Since its authorization under the Energy Policy Act of 2005 and expansion under the Energy Independence and Security Act of 2007, the RFS has given homegrown biofuels a chance to compete at the pump, allowing consumers to select from a range of options at the gas station, including blends containing clean, homegrown biofuels. Any effort to repeal, change or modify the administration of the RFS would hinder progress already made and slow future growth.
1. Create jobs and grow the U.S. economy
2. Protect the environment and our air
3. Increase America's energy security
4. Expand fuel options for U.S. drivers
5. Drive investment in research and development in starch and cellulosic biofuels
While “in the past year and this year we are seeing record consumption of gasoline,” according to Bliley, the EPA 2018 targets for the use of biofuels are virtually flat. The EPA set the 2018 goal for all renewable fuels at 19.29 billion gallons, a barely detectable increase from the 19.28 BG level in 2017. Advanced biofuel saw a similar incremental bump, to 4.29 BG from 4.24. The target for cellulosic biofuel was actually reduced, from 311 million gallons in 2017 to 288 MG in 2018, reflecting the slow development of commercial production of cellulosic biofuel.

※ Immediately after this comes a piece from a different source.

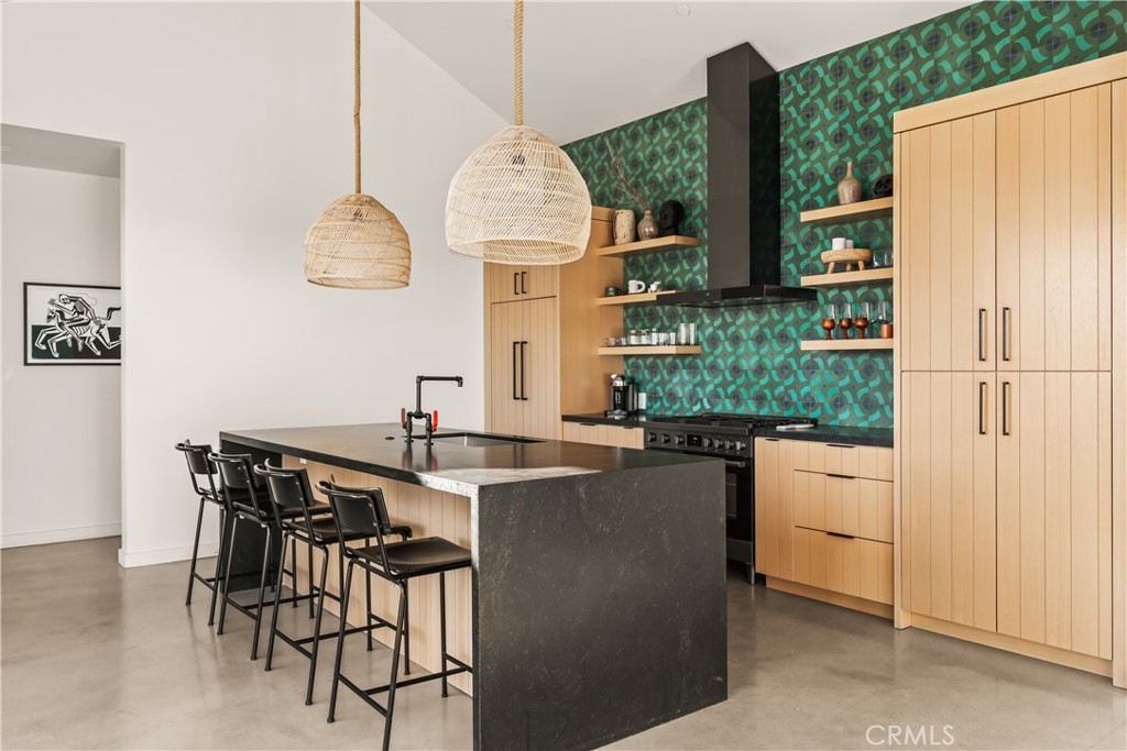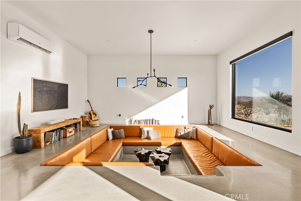 Inside, the home opens to an airy, light-filled interior anchored by a dramatic sunken conversation pit—an inviting focal point for both everyday living and entertaining. The open-concept living space flows into a chef’s kitchen featuring a 12-foot waterfall island, high-end finishes, and ample space for gathering. Oversized glass doors connect the interior to an outdoor dining patio with sweeping views of untouched desert terrain and distant ridgelines.

But the RFS enjoyed a big win when Congress denied a refiner’s request to have the Renewable Volume Obligation (RVO) lifted from them and instead imposed on retailers. “The EPA came in and said that’s not happening. There was absolutely a backlash from retailers,” according to Mike O’Brien, Vice President of Market Development for Growth Energy.

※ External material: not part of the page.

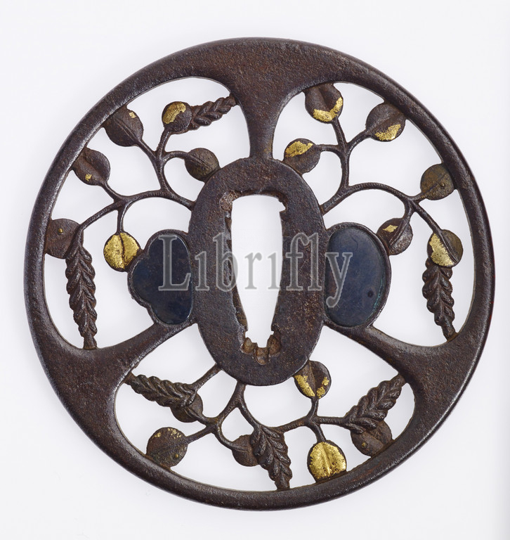 Tsuba, sword guard, openwork bush clover spray design, Edo, 1762, iron, 3-3/8 x 3-3/8, Japanese, Asian Art

To show progress toward compliance with EPA targets for using renewable fuels, a RIN is attached to every gallon of biofuel. RINs can be carried over for a year but are eventually retired when the biofuel is used. Retailers, not bound by the RVO, can separate RINs from the biofuel they purchase to sell to consumers and enjoy a windfall profit by selling those RINs to refiners that have not met their RVO.
O’Brien explains how it works. “The RIN is discounted from the E85 price. The retailer has a price advantage and an opportunity to tuck that margin in his pocket. A lot of E85 gets blended as E15.”
Refiners say they have to pass through to consumers the cost of purchasing RINs, a cost estimated at $750 million. They also worry speculators can corner the RINs market and drive up the price.
There is a way to counter this, however. If refiners would blend more E15 they would have sufficient RINs to meet their EPA goals without having to purchase any, according to Casper. “For $750 million you couldn’t put more fuel in the system to solve that?” he asks.
The RFS remains a sound way to achieve the policy goals of a cleaner environment and energy security that Congress sought when it established the RFS, and the RFS continues to be essential to allow renewable fuels to combat petroleum’s monopoly. It supports the continued development of advanced and cellulosic fuels and the growth of renewable fuels generally.
“Just look at the extensive benefits of the RFS today, from saving consumers money to driving rural growth and protecting the environment, and it’s clear that this is a successful energy policy. In order to ensure these benefits continue, we need to maintain the RFS with the goal of continuing to stimulate growth in cellulosic and advanced biofuels,” Gilley says.
The RFS, says O’Brien, “is absolutely necessary. It is our route to the market through our competition. … Every step of the way they fight us.
“Five or six years from now, there might be a different fuel, E25 or E30. Starting at E15 today lays the groundwork to pull the trigger when E30 comes into the marketplace.”